[Start of Attachment]

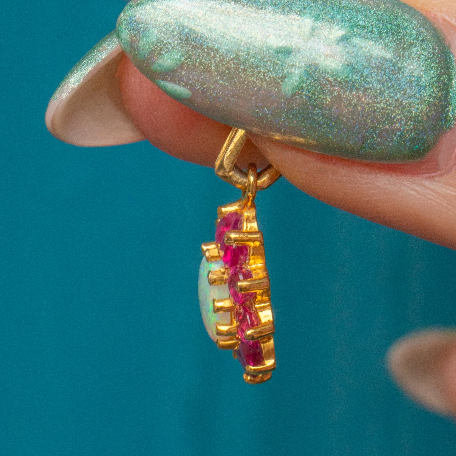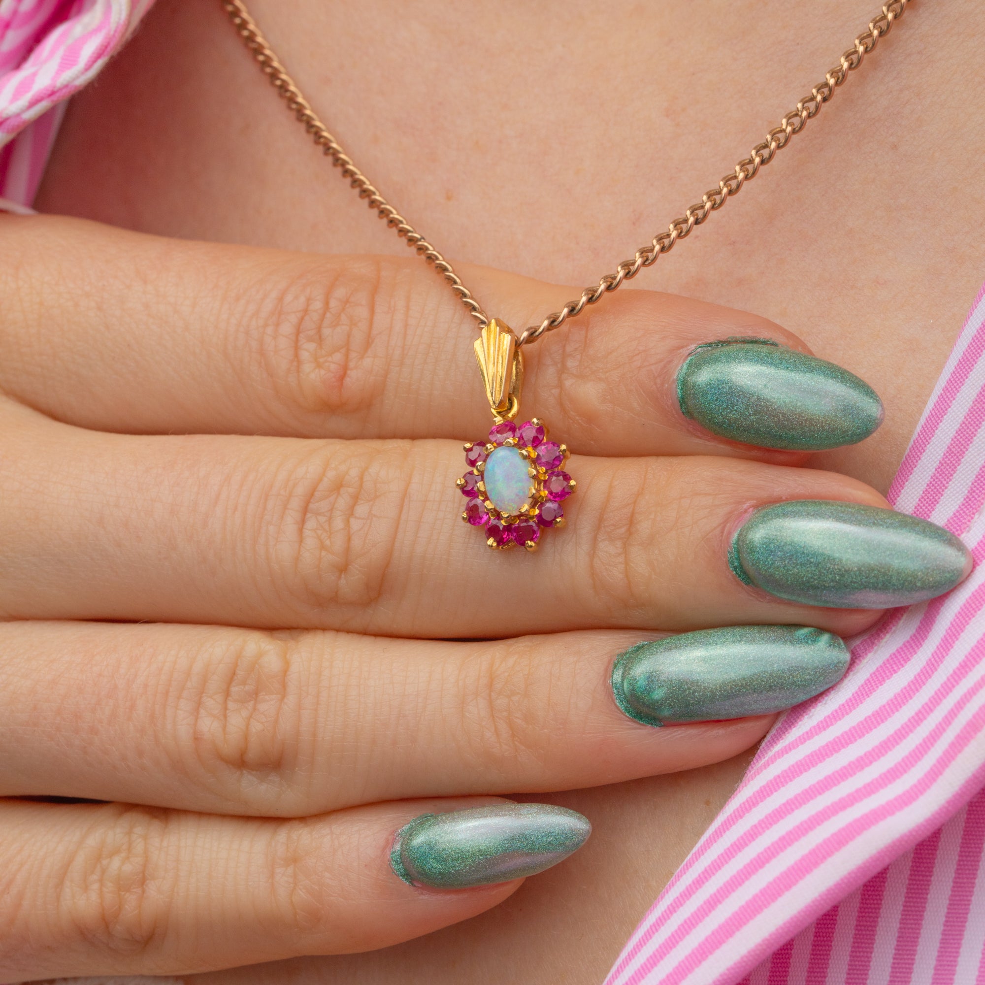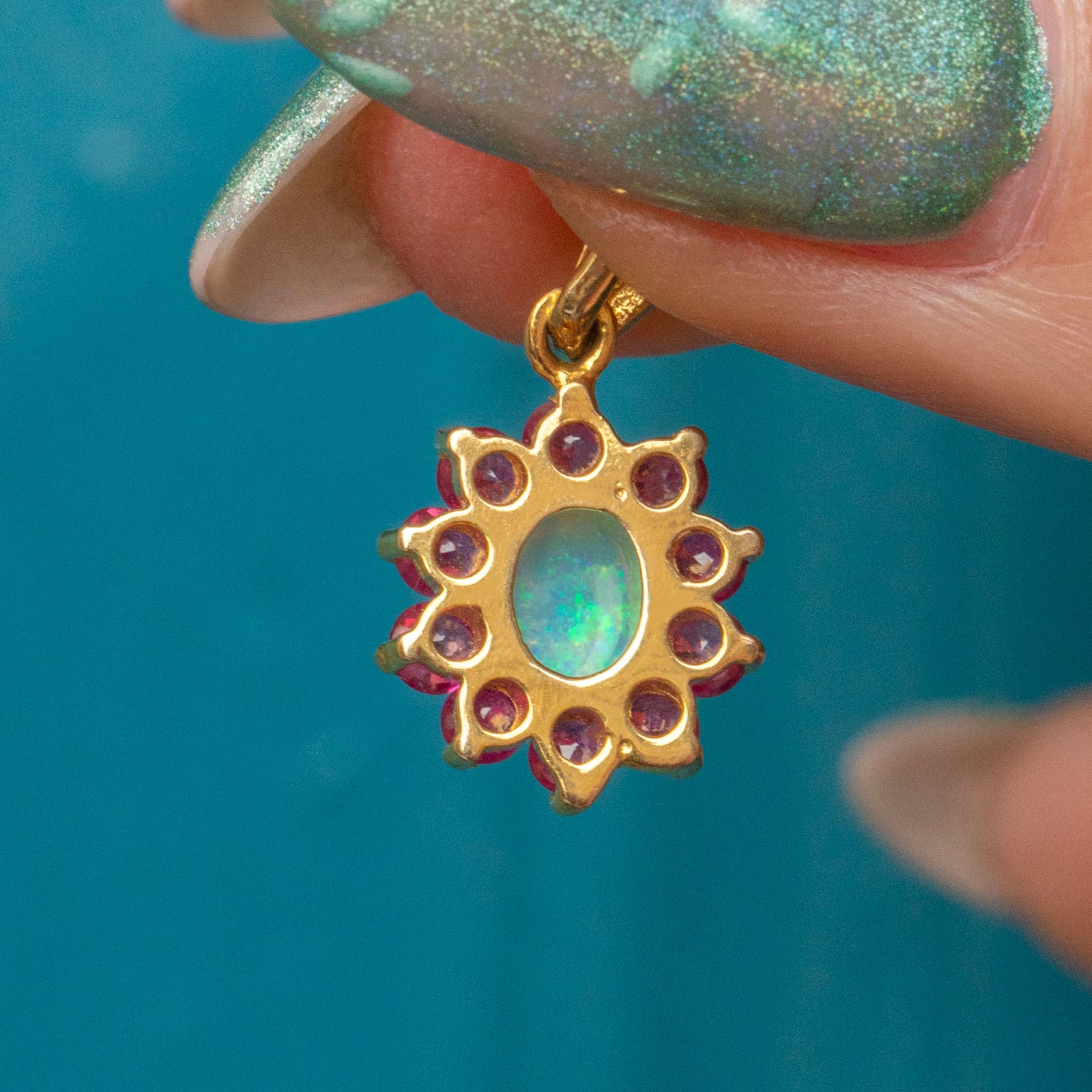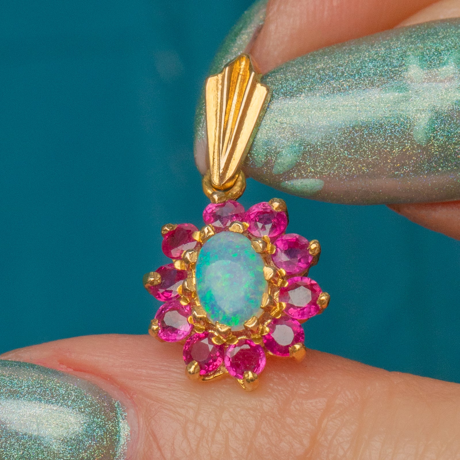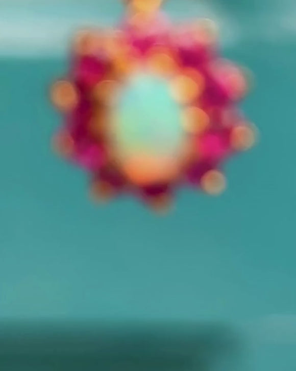 This 9ct Gold Opal ruby flower cluster charm is bursting with vibrancy and opulence! A fiery Opal is poised at her centre, with a galactic display of neon greens and vivid peach flashing across her surface. A halo of fuchsia Rubies encases her Opal, bringing femininity in abundance to this vintage cluster pendant.
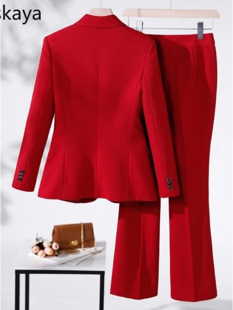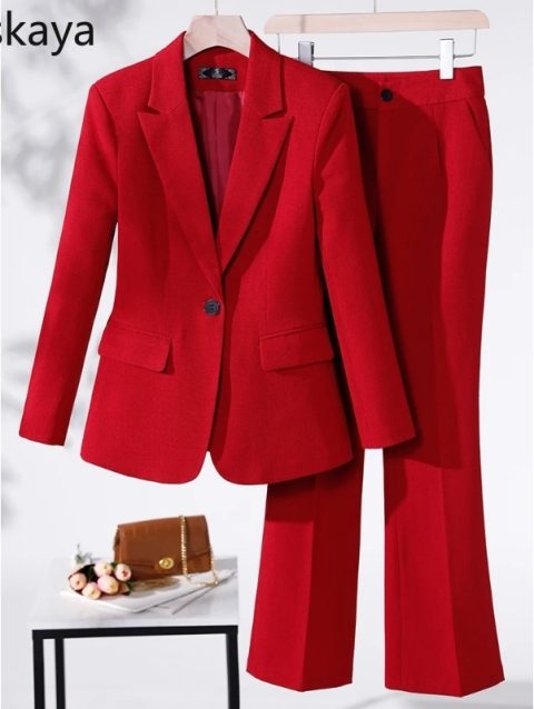 Business Work Wear 2 Piece Set Purple Blue Red Black Long Sleeve Blazer And Trouser Women Pant Suit Formal
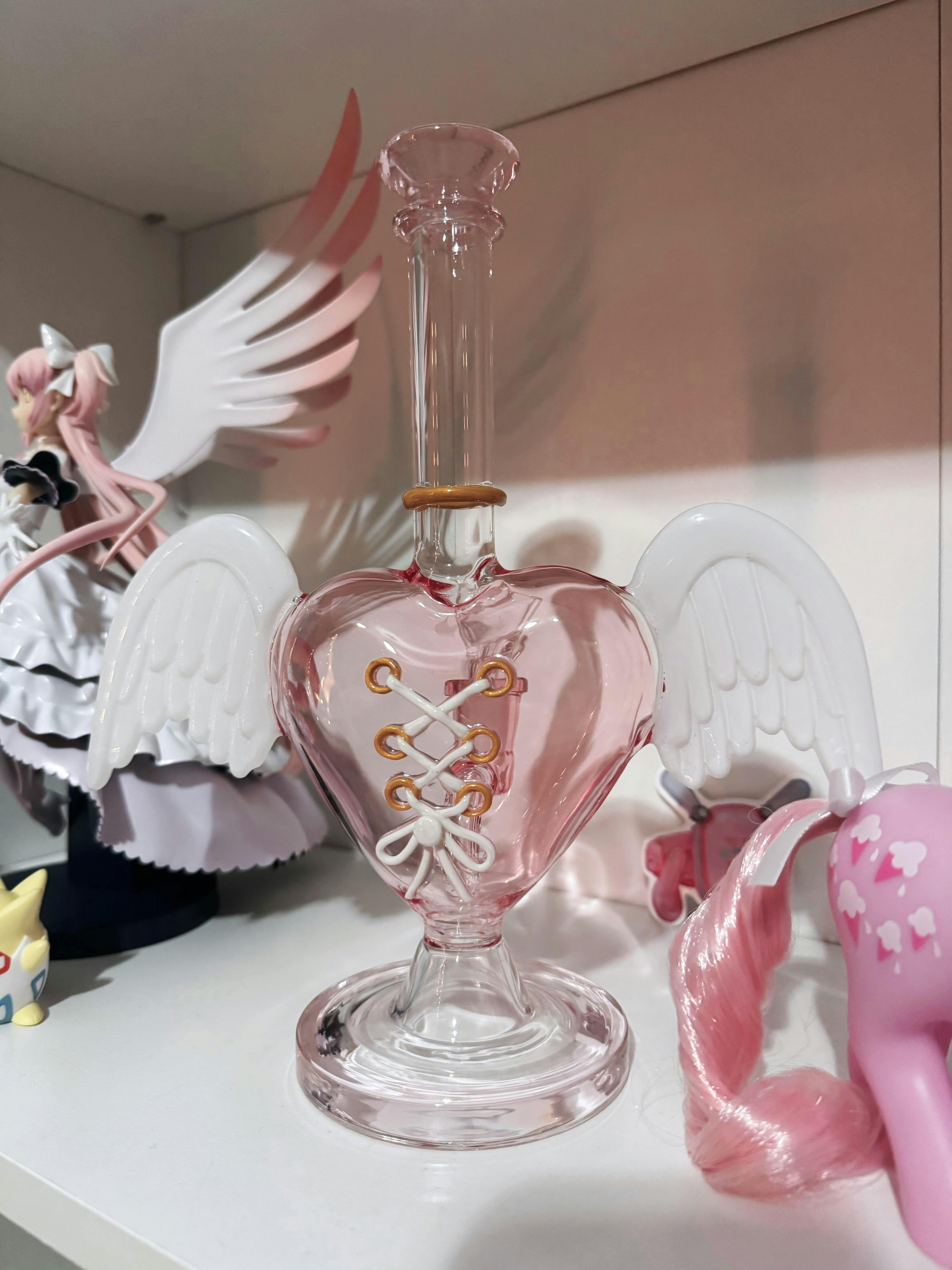 - This handcrafted bong is intricately designed including glass angel wings and clay halo & corset details

[End of Attachment]

Set the pictures aside and transcribe the data above exactly.

 This 9ct Gold Opal ruby flower cluster charm is bursting with vibrancy and opulence! A fiery Opal is poised at her centre, with a galactic display of neon greens and vivid peach flashing across her surface. A halo of fuchsia Rubies encases her Opal, bringing femininity in abundance to this vintage cluster pendant.
 Business Work Wear 2 Piece Set Purple Blue Red Black Long Sleeve Blazer And Trouser Women Pant Suit Formal
 - This handcrafted bong is intricately designed including glass angel wings and clay halo & corset details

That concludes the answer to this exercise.